---------- Recorded information ----------

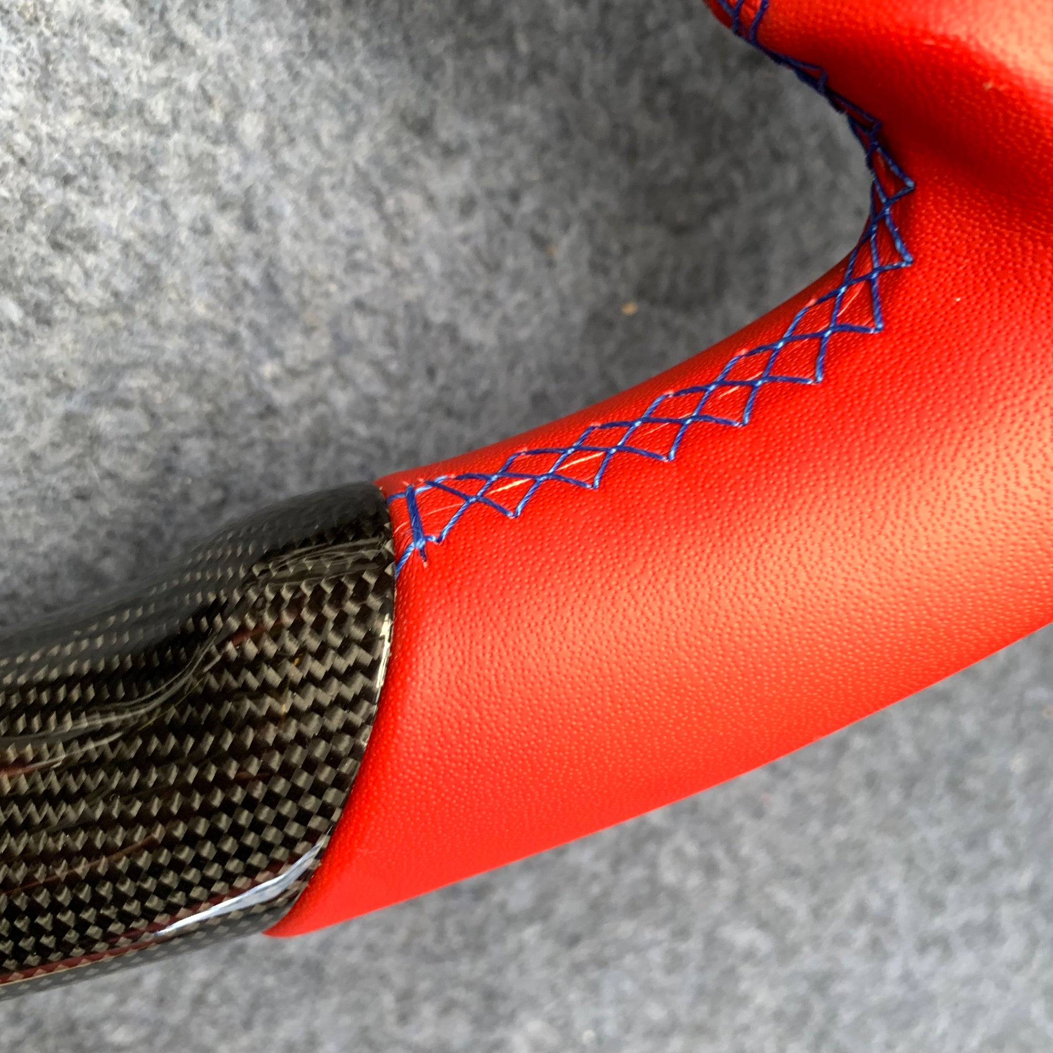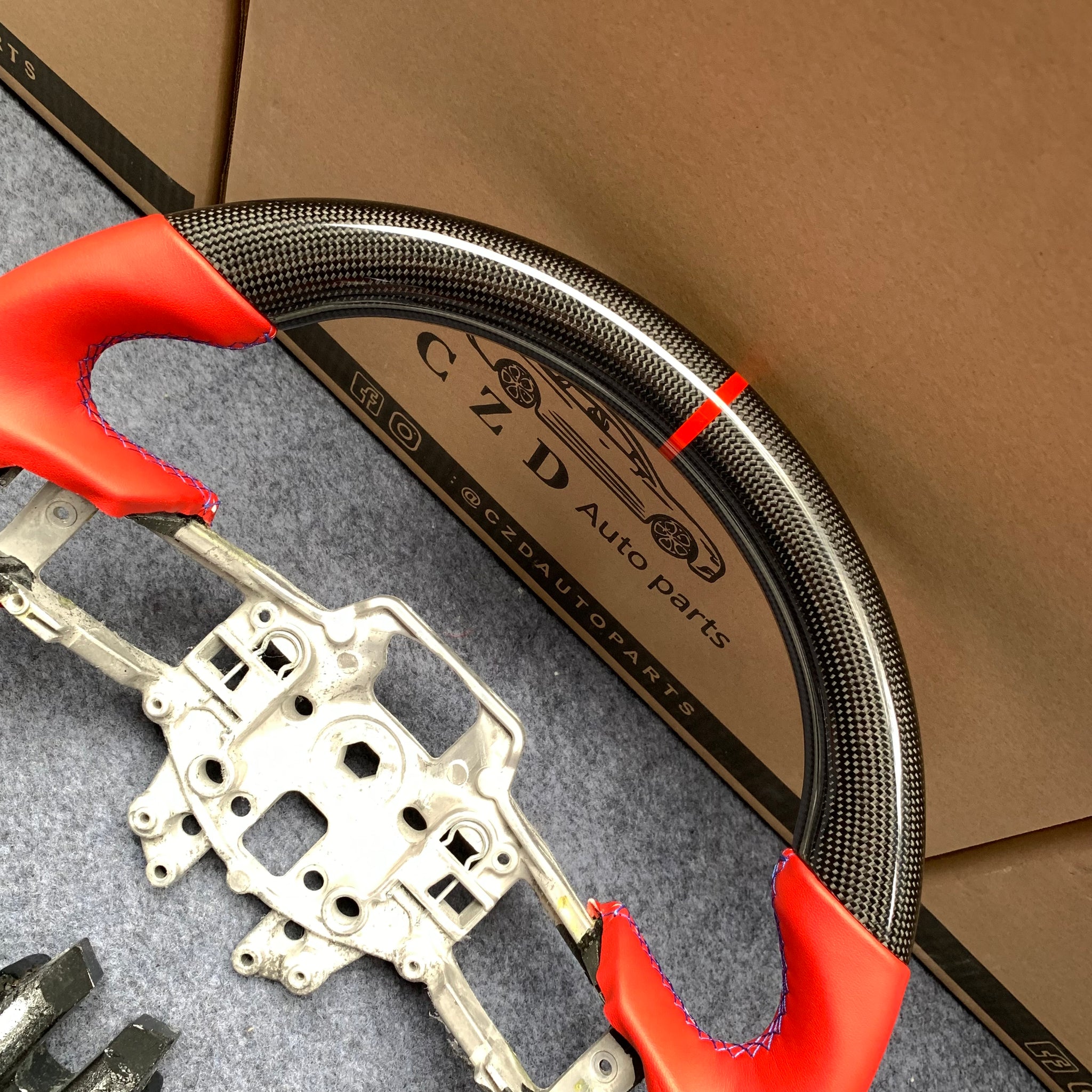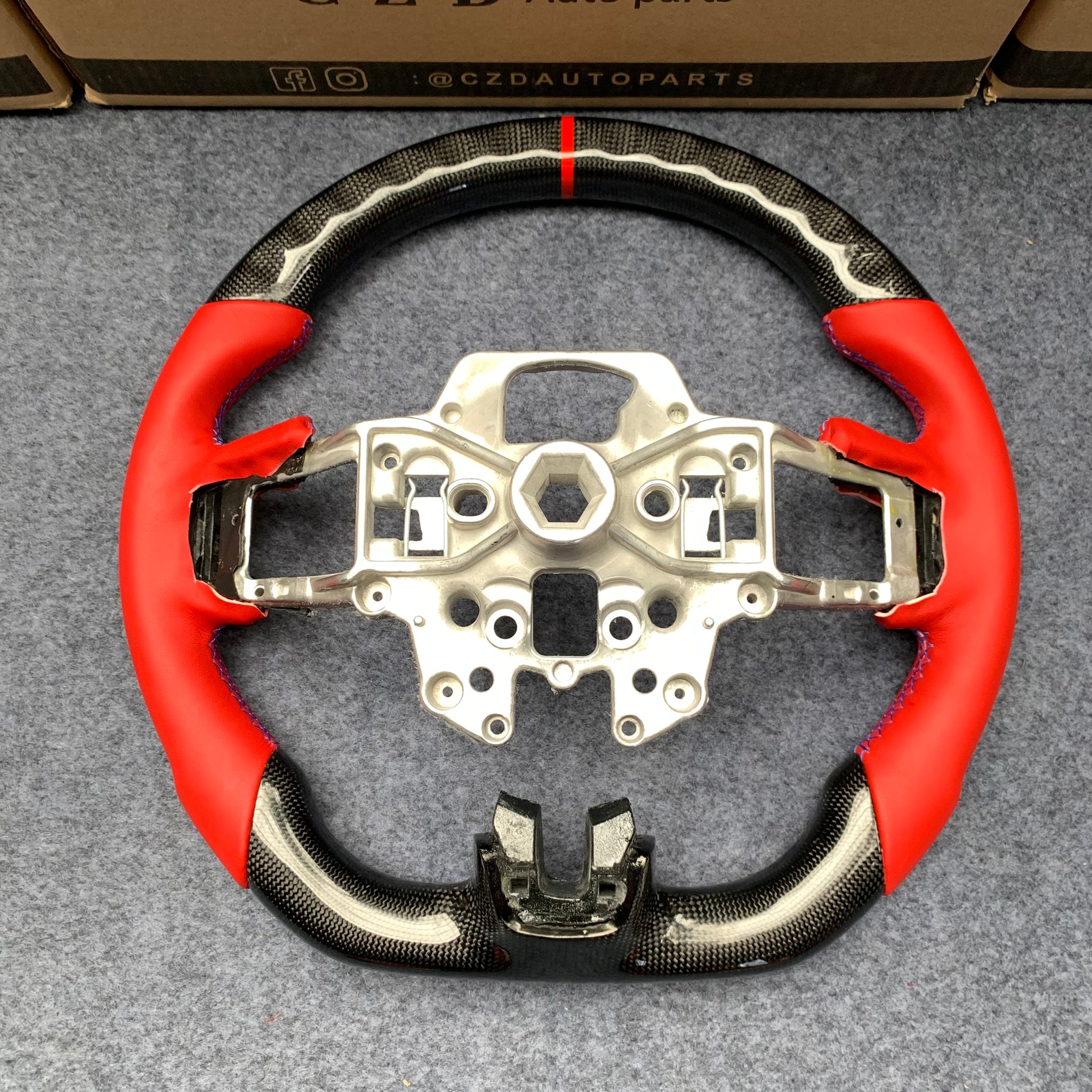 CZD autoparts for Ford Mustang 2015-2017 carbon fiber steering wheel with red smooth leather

----------
---------- Recorded information ----------

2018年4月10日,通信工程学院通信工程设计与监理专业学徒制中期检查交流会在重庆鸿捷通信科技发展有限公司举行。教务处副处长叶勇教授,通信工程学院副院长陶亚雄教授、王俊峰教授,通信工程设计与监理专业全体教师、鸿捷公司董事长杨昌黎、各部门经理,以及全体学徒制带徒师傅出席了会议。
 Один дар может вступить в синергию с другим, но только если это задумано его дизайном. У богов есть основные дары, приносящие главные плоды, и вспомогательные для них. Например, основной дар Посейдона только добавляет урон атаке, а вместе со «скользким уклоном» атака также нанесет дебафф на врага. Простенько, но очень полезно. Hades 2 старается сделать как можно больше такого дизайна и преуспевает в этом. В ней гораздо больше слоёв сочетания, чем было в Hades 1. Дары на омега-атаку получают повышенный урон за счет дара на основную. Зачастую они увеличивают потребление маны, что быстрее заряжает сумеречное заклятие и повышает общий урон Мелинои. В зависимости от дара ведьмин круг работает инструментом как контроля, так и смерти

----------

_Assignment:_ In the records above, the line with "2018年4月10日,通信工" marks the start and the line with "Один дар может" marks the end; copy that stretch exactly, both lines included, and nothing else.

_Output for this task:_
2018年4月10日,通信工程学院通信工程设计与监理专业学徒制中期检查交流会在重庆鸿捷通信科技发展有限公司举行。教务处副处长叶勇教授,通信工程学院副院长陶亚雄教授、王俊峰教授,通信工程设计与监理专业全体教师、鸿捷公司董事长杨昌黎、各部门经理,以及全体学徒制带徒师傅出席了会议。
 Один дар может вступить в синергию с другим, но только если это задумано его дизайном. У богов есть основные дары, приносящие главные плоды, и вспомогательные для них. Например, основной дар Посейдона только добавляет урон атаке, а вместе со «скользким уклоном» атака также нанесет дебафф на врага. Простенько, но очень полезно. Hades 2 старается сделать как можно больше такого дизайна и преуспевает в этом. В ней гораздо больше слоёв сочетания, чем было в Hades 1. Дары на омега-атаку получают повышенный урон за счет дара на основную. Зачастую они увеличивают потребление маны, что быстрее заряжает сумеречное заклятие и повышает общий урон Мелинои. В зависимости от дара ведьмин круг работает инструментом как контроля, так и смерти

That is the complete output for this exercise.